**Problem requirements**:
Where the data below contains pictures, omit them; output the rest word for word.

**Entries supplied**:

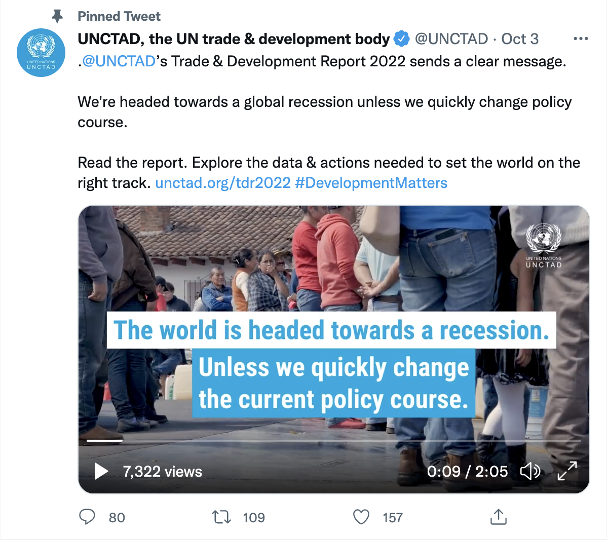 联合国贸易和发展会议(UNCTAD)在其10月3日发布的《2022年贸易和发展报告》指出,发达经济体的货币和财政政策,比如持续加息,可能会将全球推向经济衰退和停滞。
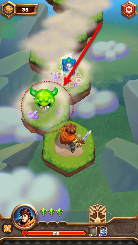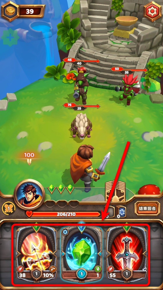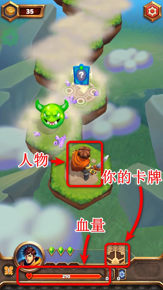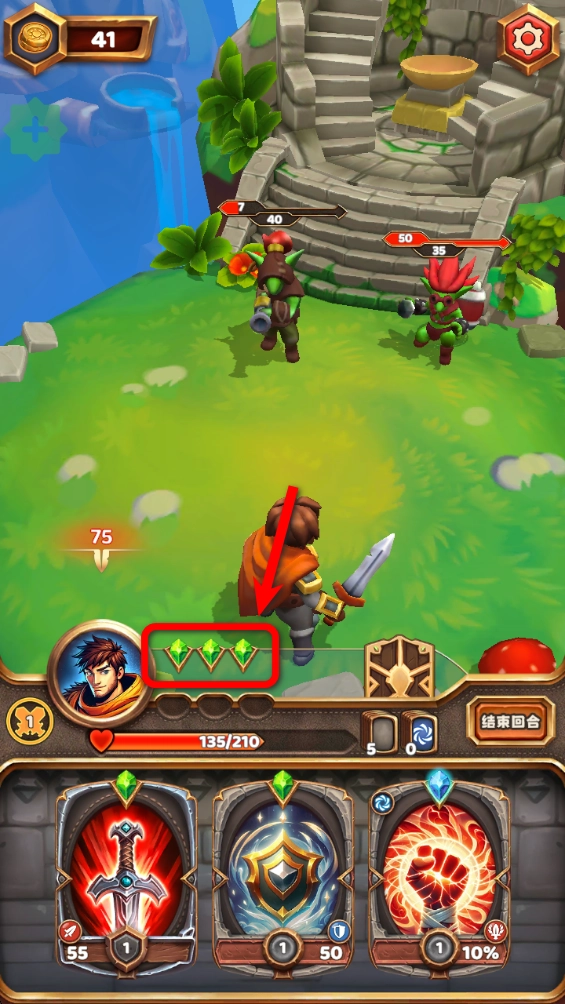 4、这块绿色的石头代表你的回合数,每一块石头意味着一次攻击机会。卡牌上若带有绿石头标志,便表示使用该卡牌需要消耗绿色石头。
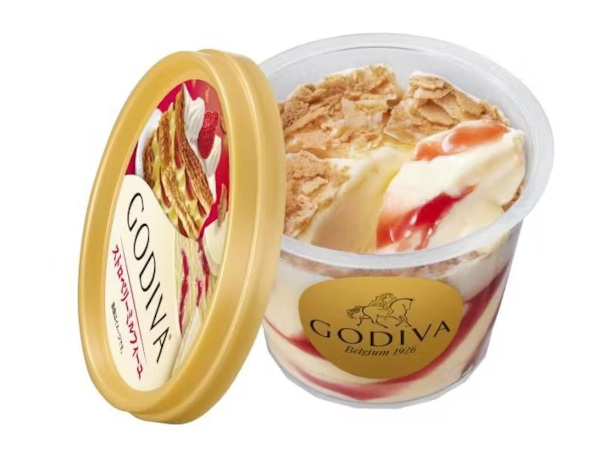 ゴディバ カップアイス「ストロベリーミルフィーユ」は、まろやかに仕上げたカスタードアイスに、甘酸っぱいストロベリーソースを組み合わせた。濃厚なコクと華やかな酸味のバランスが楽しめる。天面のホワイトチョコレートコーティングと香ばしいサクサクのフィアンティーヌが、なめらかなアイスとともに心地よい食感を生み出す。
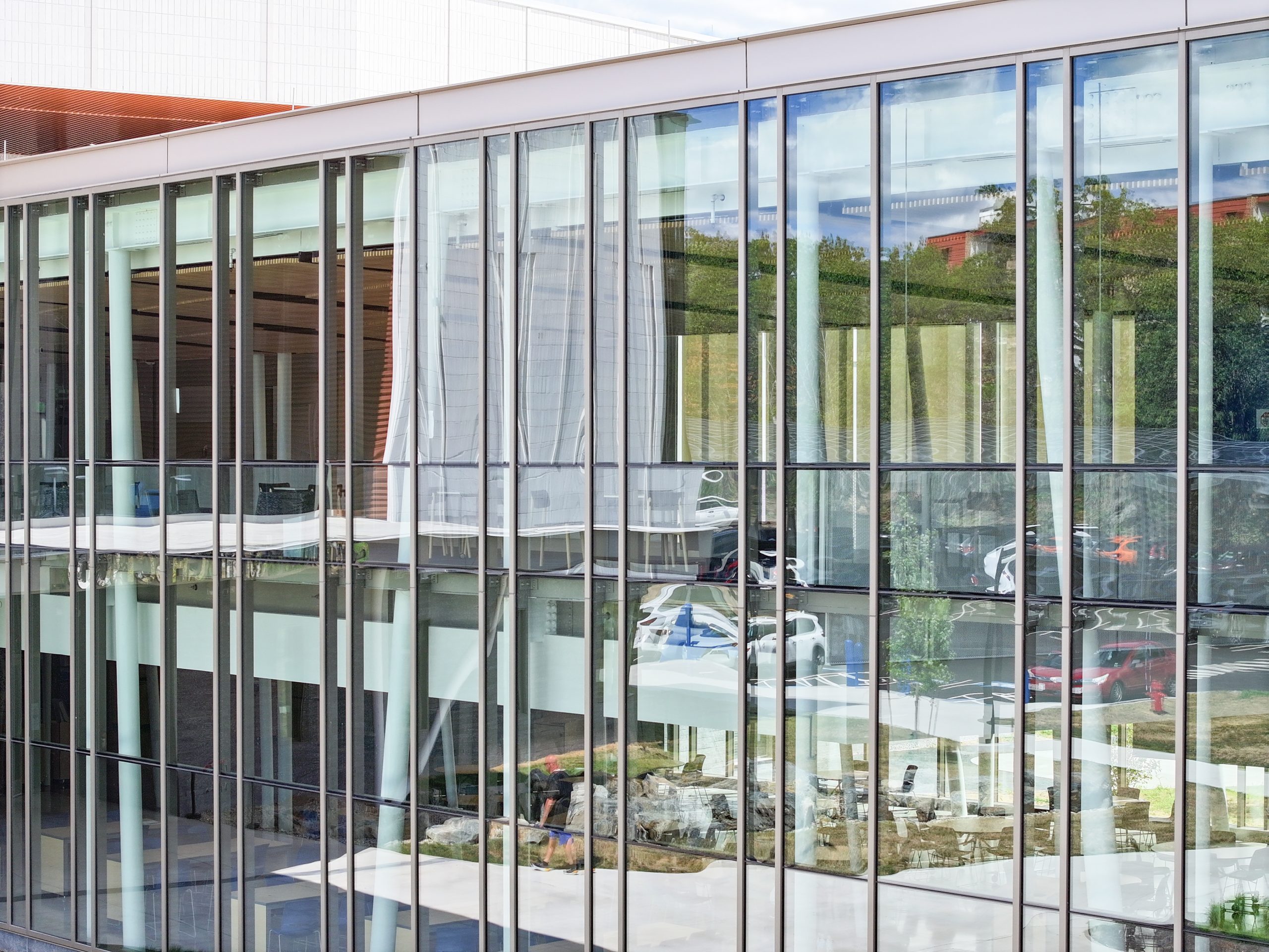 Lockheed fabricated and supplied major exterior and interior envelope systems including approximately 11,000 sf of EFCO 5600X curtainwall, 7,000 sf of Oldcastle insulated exterior glass, interior glazing systems tallying 5,000 sf, 16 custom perforated sunshades from Moz, 2,000 sf of Alucobond ACM panels, and windows and skylights that enhance daylighting and security glazing systems for critical areas. These elements help define the building’s clean, modern aesthetic while contributing to its ambitious energy and daylighting goals.
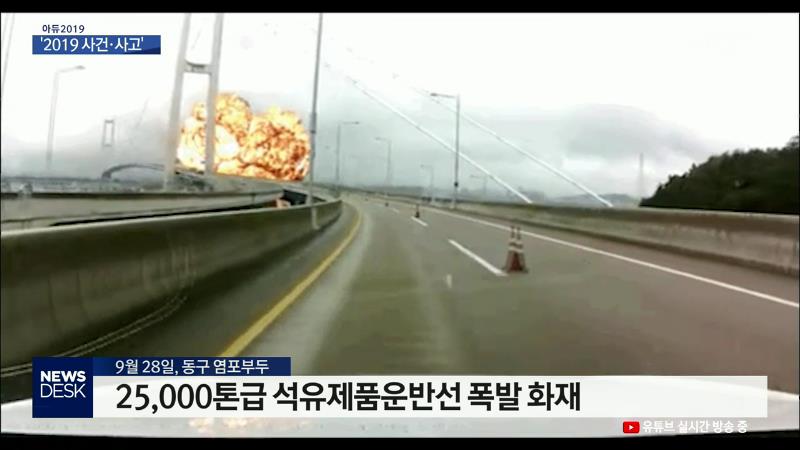 ◀ANC▶ 다사다난 했던 올 한해 울산을 되돌아 보눈 순서, 오늘은 사건사고를 모아봤습니다. 10월말 대형 선박 폭발 화재로 가슴을 쓸어 내렸고, 제2의 윤창호 법에도 불구하고 발생한 음주운전 사고는 시민들의 공분을 샀습니다. 김문희 기자입니다. ◀END▶ ◀VCR▶ 다리로 진입하려는 차량 앞으로 시뻘건 불기둥이 솟...
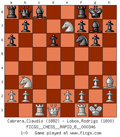 Last move : 1-0 2020 June 27 8:10:23 [Event "FICGS__CHESS__RAPID_B__000346"] [Site "FICGS"] [Date "2020.06.14"] [Round "1"] [White "Cabrera,Claudio"] [Black "Lobos,Rodrigo"] [Result "1-0"] [WhiteElo "1882"] [BlackElo "1800"] 1.c4 c5 2.Nf3 Nf6 3.Nc3 g6 4.g3 Bg7 5.d4 cxd4 6.Nxd4 O-O 7.Bg2 Nc6 8.O-O a6 9.c5 Qc7 10.Nb3 Rd8 11.Bf4 Ne5 12.Rc1 d6 13.cxd6 exd6 14.Bg5 Qb8 15.Nd5 Ned7 16.Bh3 Rf8 17.Bxf6 Nxf6 18.Ne7+ 1-0 English : Symmetrical variation Kingside Castling by player Black (move 6) Kingside Castling by player White (move 8) Player White won this chess game. Follow this game move after move (download)Life is a kind of Chess, with struggle, competition, good and ill events. (Benjamin Franklin) Man gibt nur Pakete auf. (Paul Keres) Una buena ofensiva y una buena defensa, comienzan ambas con un buen desarrollo. (Bruce A. Moon) Les Echecs, c'est l'art de la guerre sans les charniers, c'est la résurrection des morts tombés au champ d'honneur, l'espoir perpétuel, la suprématie de l'intelligence sur la force, la culture de l'esprit. (F. Szpiner) They say poker is a zero-sum game. It must be, because every time I play my sum ends up zero. (Max Shapiro)
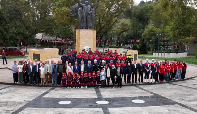 Atatürk Anıtı’nda düzenlenen törende İtfaiye Müdürü Muhammet Ali Ateş anıta çelenk sundu, saygı duruşunda bulunularak İstiklal Marşı okundu. Törene Belediye Başkanı vekili Çetin Yiğit, belediye başkan yardımcıları, belediye meclis üyeleri, siyasi parti temsilcileri, STK temsilcileri daire müdürleri, itfaiye mensupları, gönüllü itfaiyeciler, Erdemir İtfaiye yetkilileri ve diğer kurumlardan gelen temsilciler katıldı. Belediye kreşinin minikleri de itfaiyeci kıyafetleriyle törene renk kattılar.
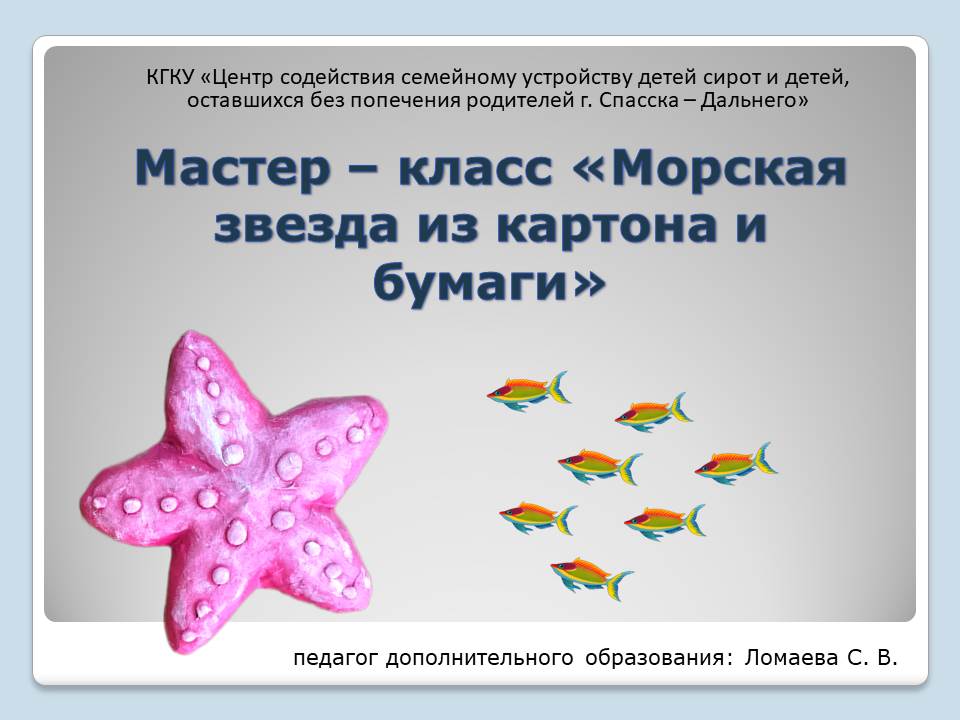 Мастер - класс по изготовлению морской звезды из картона и бумаги с применением элементов папье-маше. Материал может быть использован на уроках технологии или на занятиях в системе дополнительного образования.
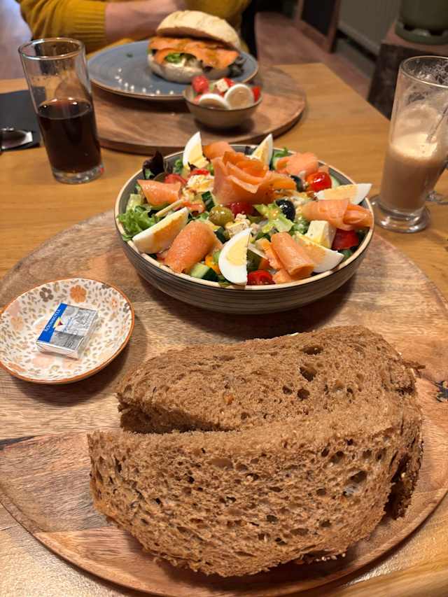 - Diverse soorten brood met slaatje, aioli, huisgemaakte tonijsalade en eiersalade, brie, noten en boter.

**Answer section**:
 联合国贸易和发展会议(UNCTAD)在其10月3日发布的《2022年贸易和发展报告》指出,发达经济体的货币和财政政策,比如持续加息,可能会将全球推向经济衰退和停滞。
 4、这块绿色的石头代表你的回合数,每一块石头意味着一次攻击机会。卡牌上若带有绿石头标志,便表示使用该卡牌需要消耗绿色石头。
 ゴディバ カップアイス「ストロベリーミルフィーユ」は、まろやかに仕上げたカスタードアイスに、甘酸っぱいストロベリーソースを組み合わせた。濃厚なコクと華やかな酸味のバランスが楽しめる。天面のホワイトチョコレートコーティングと香ばしいサクサクのフィアンティーヌが、なめらかなアイスとともに心地よい食感を生み出す。
 Lockheed fabricated and supplied major exterior and interior envelope systems including approximately 11,000 sf of EFCO 5600X curtainwall, 7,000 sf of Oldcastle insulated exterior glass, interior glazing systems tallying 5,000 sf, 16 custom perforated sunshades from Moz, 2,000 sf of Alucobond ACM panels, and windows and skylights that enhance daylighting and security glazing systems for critical areas. These elements help define the building’s clean, modern aesthetic while contributing to its ambitious energy and daylighting goals.
 ◀ANC▶ 다사다난 했던 올 한해 울산을 되돌아 보눈 순서, 오늘은 사건사고를 모아봤습니다. 10월말 대형 선박 폭발 화재로 가슴을 쓸어 내렸고, 제2의 윤창호 법에도 불구하고 발생한 음주운전 사고는 시민들의 공분을 샀습니다. 김문희 기자입니다. ◀END▶ ◀VCR▶ 다리로 진입하려는 차량 앞으로 시뻘건 불기둥이 솟...
 Last move : 1-0 2020 June 27 8:10:23 [Event "FICGS__CHESS__RAPID_B__000346"] [Site "FICGS"] [Date "2020.06.14"] [Round "1"] [White "Cabrera,Claudio"] [Black "Lobos,Rodrigo"] [Result "1-0"] [WhiteElo "1882"] [BlackElo "1800"] 1.c4 c5 2.Nf3 Nf6 3.Nc3 g6 4.g3 Bg7 5.d4 cxd4 6.Nxd4 O-O 7.Bg2 Nc6 8.O-O a6 9.c5 Qc7 10.Nb3 Rd8 11.Bf4 Ne5 12.Rc1 d6 13.cxd6 exd6 14.Bg5 Qb8 15.Nd5 Ned7 16.Bh3 Rf8 17.Bxf6 Nxf6 18.Ne7+ 1-0 English : Symmetrical variation Kingside Castling by player Black (move 6) Kingside Castling by player White (move 8) Player White won this chess game. Follow this game move after move (download)Life is a kind of Chess, with struggle, competition, good and ill events. (Benjamin Franklin) Man gibt nur Pakete auf. (Paul Keres) Una buena ofensiva y una buena defensa, comienzan ambas con un buen desarrollo. (Bruce A. Moon) Les Echecs, c'est l'art de la guerre sans les charniers, c'est la résurrection des morts tombés au champ d'honneur, l'espoir perpétuel, la suprématie de l'intelligence sur la force, la culture de l'esprit. (F. Szpiner) They say poker is a zero-sum game. It must be, because every time I play my sum ends up zero. (Max Shapiro)
 Atatürk Anıtı’nda düzenlenen törende İtfaiye Müdürü Muhammet Ali Ateş anıta çelenk sundu, saygı duruşunda bulunularak İstiklal Marşı okundu. Törene Belediye Başkanı vekili Çetin Yiğit, belediye başkan yardımcıları, belediye meclis üyeleri, siyasi parti temsilcileri, STK temsilcileri daire müdürleri, itfaiye mensupları, gönüllü itfaiyeciler, Erdemir İtfaiye yetkilileri ve diğer kurumlardan gelen temsilciler katıldı. Belediye kreşinin minikleri de itfaiyeci kıyafetleriyle törene renk kattılar.
 Мастер - класс по изготовлению морской звезды из картона и бумаги с применением элементов папье-маше. Материал может быть использован на уроках технологии или на занятиях в системе дополнительного образования.
 - Diverse soorten brood met slaatje, aioli, huisgemaakte tonijsalade en eiersalade, brie, noten en boter.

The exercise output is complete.